We surveyed 265 anesthesiology departments and received answers from 210 departments from 28 provinces in China. The results show that most of anesthesiologists still rely on traditional hemodynamic monitoring and clinical judgement in the management of high-risk surgery patients in China. New methods of monitoring, despite recently published data validating their potential effect on morbidity and mortality, is not in widespread use.
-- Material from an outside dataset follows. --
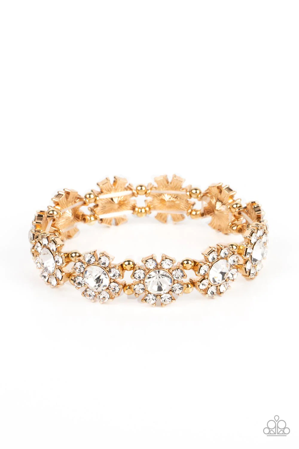 Separated by pairs of dainty gold beads, rhinestone-dotted petals bloom from oversized white rhinestone centers along stretchy bands around the wrist for a flirtatious floral fashion.

However, these parameters which can be obtained easily through minimally invasive devices are not readily available and therefore rarely used in the clinical management. Additionally, the cost of these devices may be a burden for the implementation of Goal Directed Therapy concepts in China and the lack of education on how to use the devices may add an additional barrier to their effective use. Overall, there is a definite need for improving access to these new technologies as well as an opportunity to create guidelines and education for hemodynamic optimization.

CONFLICT OF INTEREST

Maxime Cannesson is a consultant for Edwards Lifesciences (Irvine, CA, USA), Covidien (Boulder, CO, USA), Masimo Corp. (Irvine, CA, USA), ConMed (Irvine, CA, USA), Philips Medical System (Suresnes, France), and Fresenius Kabi (Sèvres, France). Guo Chen, Yunxia Zuo and Lei Yang have no conflict of interest.